- Java 8
- sbt
git clone https://github.com/michaelcapizzi/TextComplexity.git
The system expects the text to be classified to be in .txt form with paragraphs delimited by a blank line:
She moved away from the door, stepping as softly as if she were afraid of awakening some one. She was glad that there
was grass under her feet and that her steps made no sounds. She walked under one of the fairy-like gray arches between
the trees and looked up at the sprays and tendrils which formed them. "I wonder if they are all quite dead," she said.
"Is it all a quite dead garden? I wish it wasn't."
If she had been Ben Weatherstaff she could have told whether the wood was alive by looking at it, but she could only
see that there were only gray or brown sprays and branches and none showed any signs of even a tiny leaf-bud anywhere.
**Note:**You can import a .txt file where the paragraphs are not delimited by a blank line, but computational times may
explode as the feature extractor depends upon a discourse parse which handles the entire document as one instance
to parse.
The system can handle two different classification structures:
Classify into 6 distinct classes:
| K-1 | 2-3 | 4-5 | 6-8 | 9-10 | 11-12 |
|---|---|---|---|---|---|
| "0001" | "0203" | "0405" | "0606" | "0910" | "1112" |
or
Classify into 3 distinct classes:
| K-5 | 6-8 | 9-12 |
|---|---|---|
| "0005 | "0608" | "0912" |
If you'd like to simply run the best-performing model for each label structure*, you can run this command: run-main Complexity.Demo [file to analyze] [number of classes]. You will see the feature values generated, the predicted grade level band, and the confidence of the other classes for comparison.
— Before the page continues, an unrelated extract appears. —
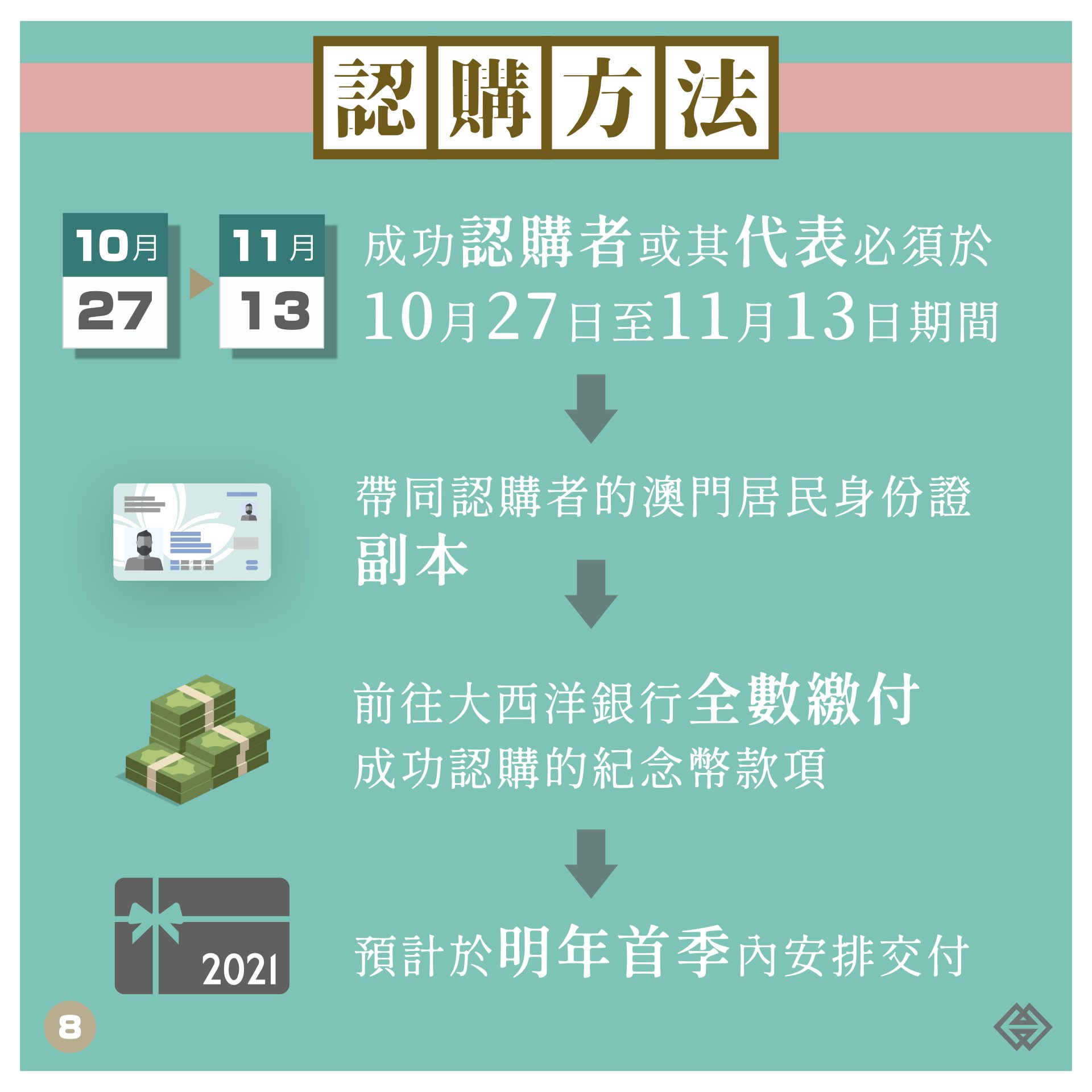 成功認購者或其代表須於10月27日至11月13日期間,帶同認購者的澳門居民身份證副本,前往大西洋銀行全數繳付成功認購的紀念幣款項。金管局預計於2021年第一季內安排紀念幣的交付。

run-main Complexity.Demo "document.txt" "3"
or
run-main Complexity.Demo "document.txt" "6"
*current, best-performing configurations:
- 6-class structure:
random forestclassifier usinglexicalfeatures only - 3-class structure:
linear SVMclassifier usinglexicalandparagraphfeatures
If you'd like to further investigate the predicted output generated by different configurations, you can run the Predict main class. This requires more arguments: run-main Complexity.Predict [file to analyze] [number of classes] [model to use] [full path to dataset to use] [feature types to include+].
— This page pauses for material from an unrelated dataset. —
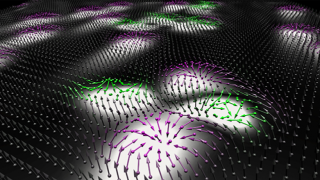 Les skyrmions, candidats prometteurs au stockage des données et aux technologies de l'information, sont des particules magnétiques nanométriques présentes à l'état excité au sein de matériaux métalliques (1) . En théorie, les skyrmions et leur antiparticule - les anti-skyrmions - possèdent une propriété appelée "charge topologique" impactant leur dynamique. Ainsi, lorsque skyrmions et anti-skyrmions sont soumis à une force entraînant une bifurcation de l'un vers la droite alors l'autre bifurquerait vers la gauche. Toutefois, cela reste à confirmer, c'est pourquoi une collaboration internationale impliquant des chercheurs du Centre de nanosciences et de nanotechnologies (C2N, CNRS/Université Paris-Sud) a modélisé le comportement de ces particules au sein d'un matériau ferromagnétique soumis à un courant électrique.

The model choices are: randomForest, perceptron, logisticRegression, or svm.
The datasets can all be found in the /resources/savedFeatureMatrices folder of the repository. They are saved with an .svmLight file type, but they are just plain text. The number of classes and feature sets used to generate the matrix should be easily identiable from the file name.
Note: The choice of the dataset must match both the number of classes and the feature sets to use.
run-main Complexity.Predict "document.txt" "6" "randomForest" "/path/to/resources/savedFeatureMatrices/lex_par-6.svmLight" "lexical" "paragraph"
Each feature set to include should be its own argument separated by a space. The choices are: lexical, syntactic, paragraph, or all. For example lexical paragraph would use both lexical and paragraph features. Using all will utilize all three feature sets.